I like your description of the mad chaos. I could picture everything that was happening.

cassiew said

at 2:21 pm on May 3, 2011

I like how the story went from a perfect summer day to a disaster.

amberk said

at 2:50 pm on May 3, 2011

I like how you put in the twist about the weather. Also, good descriptions...and good thing you and Barbie got out in time! ;)

rileys said

at 1:10 pm on May 5, 2011

I like how you have it going from a perfect day to a huge storm! kinda like iowa!

mariahm said

at 1:10 pm on May 5, 2011

Nice job, I like how your story had a twist to it, it really makes me want summer here with good weather!(:

samil said

at 1:11 pm on May 5, 2011

great suspense for the storm coming. too bad everyone couldn't get away.

feliciag said

at 1:14 pm on May 5, 2011

Very interesting story!! Soaking up the sun by playing volleyball all day is a nice way to do it.
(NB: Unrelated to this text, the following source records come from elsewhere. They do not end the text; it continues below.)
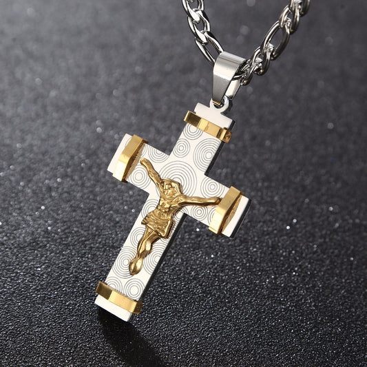 Gold and Silver Stainless Steel Jesus Christ Cross Pendant Necklace
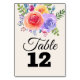 Hochzeitstisch, Zahlkarten mit einem fantasievollen Blumenstrauß mit Aquarellfarben-Rose. Stilvoll, skurril und kreativ. Ein Bündel von Rose in Rosa, lila und Gelb. Mit viel Grün und Blätter in Grün, Rosa, lila und Blau. Hintergrund ist eine cremefarbene Champagnerfarbe.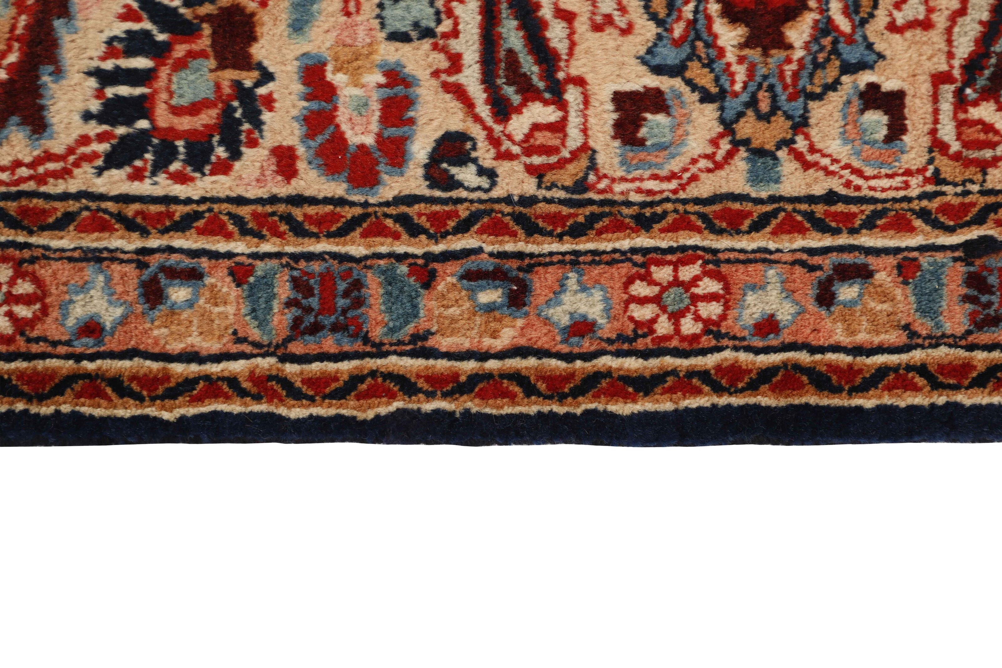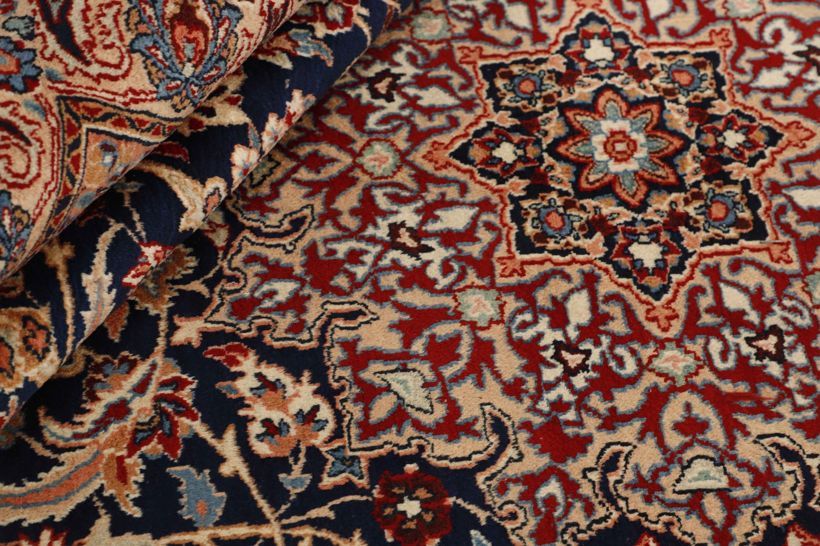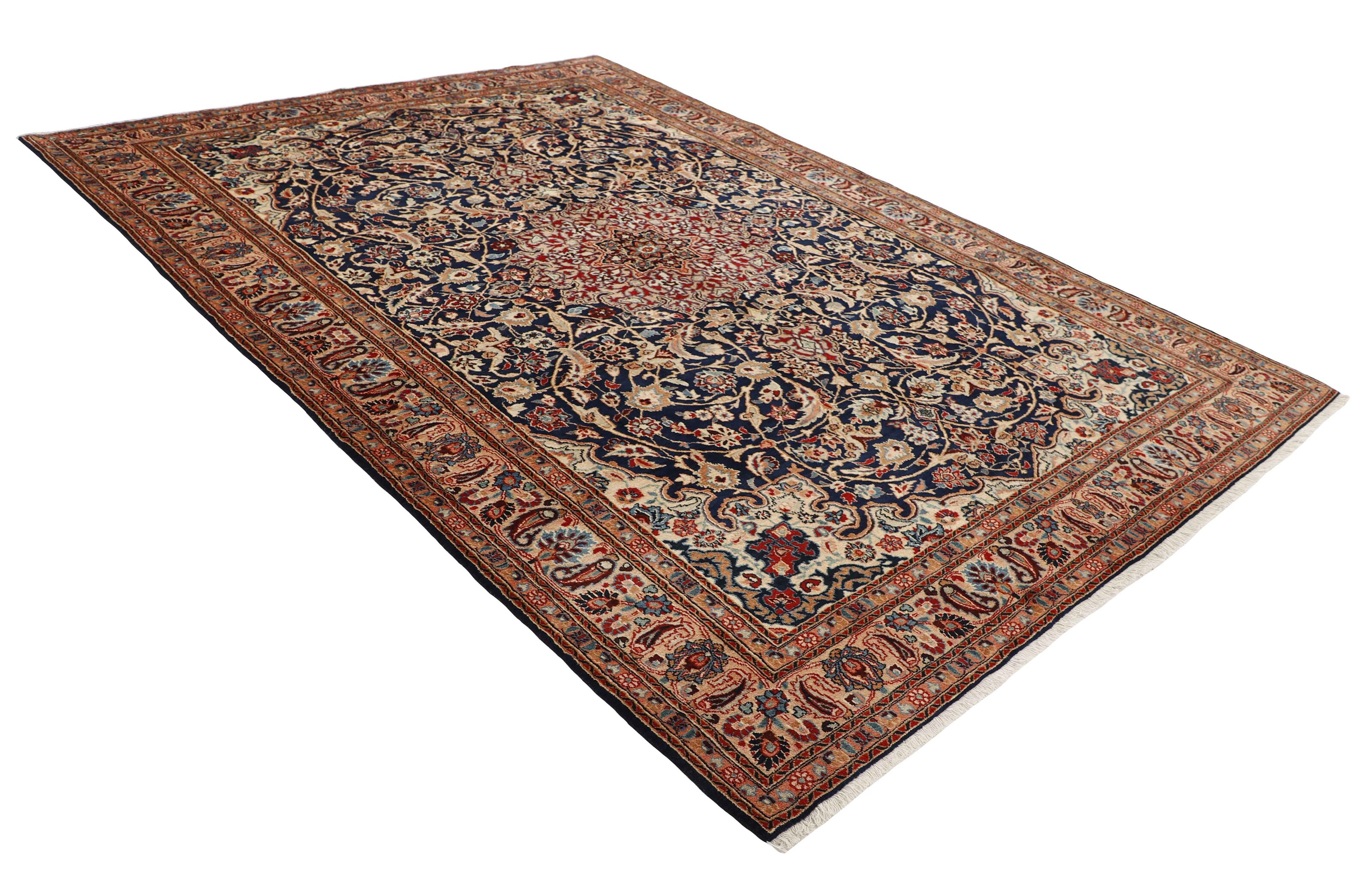Moud MahiItem no.: 1519716 Size: 205 cm x 309 cmMoud is a small town south of Mashad, in the Khorrasan Province. Rugs from this area are characterised by homogeneity in patterns and quality. Warp and weft are cotton and the pile is wool. The trimmings are a version of the traditional Persian turtle trimming. The rugs are produced in all sizes. Moud rugs are often copied in India, because of their remarkable homogeneity. The characteristic Moud designs are among the most uniform, evenly knotted, and easily recognisable designs of the Khorrasan Province. Moud Mahi are made in a beige, light red, or blue tone, with all-over Mahi patterns or with a star shaped medallion. Mahi means fish, and the Mahi pattern is the most commonly used pattern in genuine Persian rugs. When looking at it closely, you can see a pond encircled by four fish.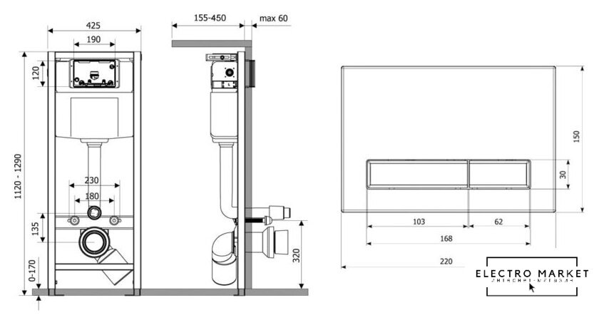 крепление на капитальную стену/на пол/на некапитальную стену, макс. нагрузка 400 кг, однорежимный/двухрежимный/трехрежимный/прерываемый слив, механическое управление, бачок в комплекте, 42.5x129x45 см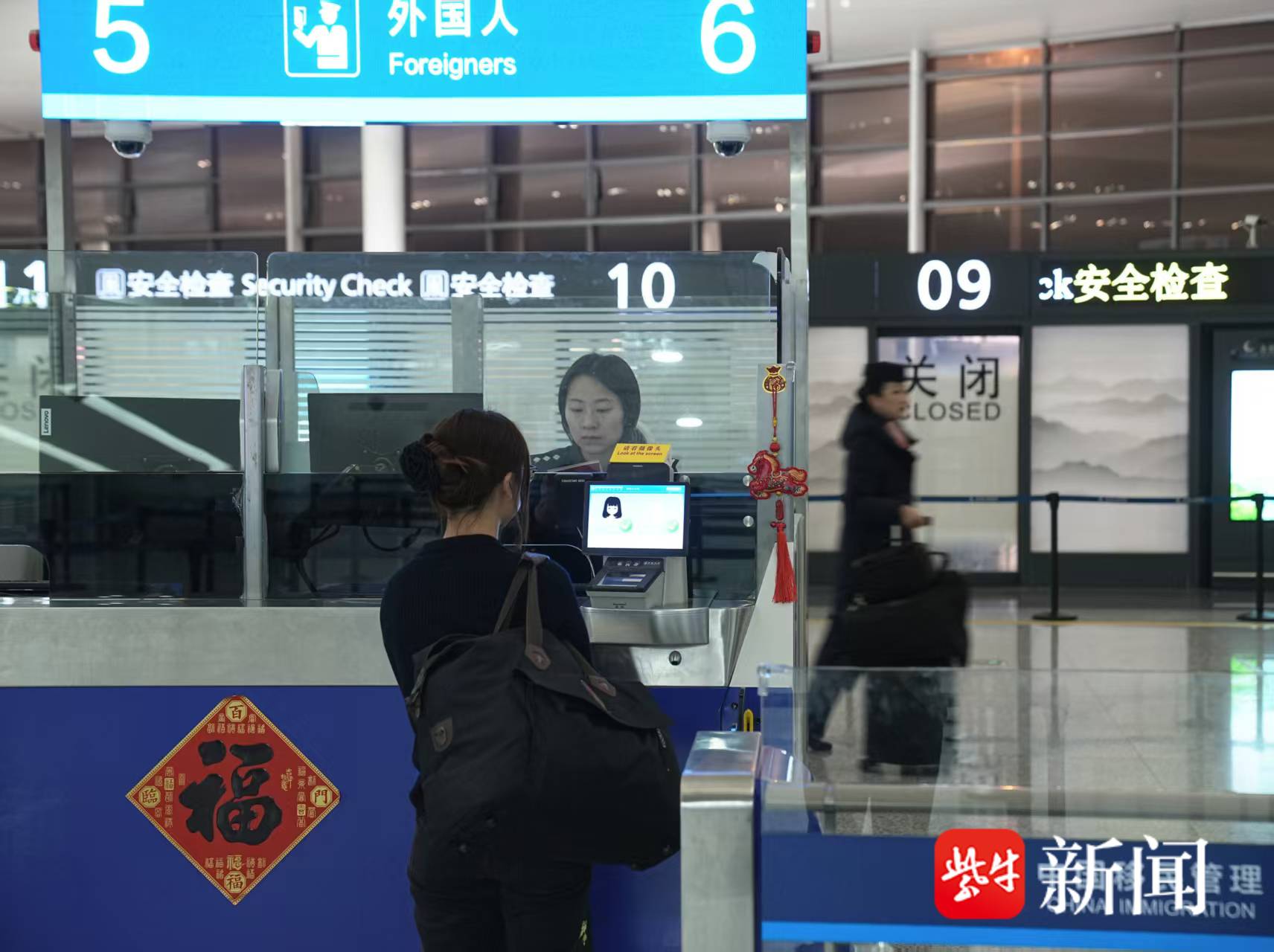 目前,南京禄口国际机场已开通往返欧洲、大洋洲、亚洲等10多个国家(地区)的25条国际航线。随着免签国家范围持续扩大、国际航线网络不断加密,南京空港口岸正迎来越来越大的“开放红利”。据南京出入境边防检查站预测,2026年春节假期(2月15日至23日),南京禄口出入境旅客约7.6万人次,其中出入境外国人约5000余人次。为应对春节客流高峰和免签政策带来的新变化,南京出入境边防检查站科学组织勤务,开足查验通道,加强分流引导,确保中国公民通关排队不超过30分钟。同时,为方便来华体验中国年的外籍旅客,还推行了入境信息申报前置引导等措施,着力提升通关效率,营造便捷温馨的通关环境。

I liked the names you used. It caught my attention very quickly.

matti said

at 1:15 pm on May 5, 2011

I liked the foreshadowing of seeing the clouds for the first time and thinking nothing of it.

whitneys said

at 1:17 pm on May 5, 2011

liked how you started off as a casual story and it turn out in chaos good details

lizf said

at 1:18 pm on May 5, 2011

Very descriptive, really enjoyed the suspense.

heathert said

at 1:24 pm on May 5, 2011

Very good story, I pictured you and a plastic Barbie doll running for your life!!! haha

wyattg said

at 1:25 pm on May 5, 2011

Great word choice easy to understand and not hard to read

isabellas said

at 1:32 pm on May 5, 2011

Good way of foreshadowing what was about to happen.

kevind said

at 1:33 pm on May 5, 2011

great diskipsion in your store

maxm said

at 2:17 pm on May 5, 2011

Nice story I was really scared there for a minute, the storm sounded exciting!

spencers said

at 12:35 pm on May 6, 2011

good story, way to use usage and mechanics

shannonj said

at 8:56 pm on May 8, 2011

Gerat story and good choice of words.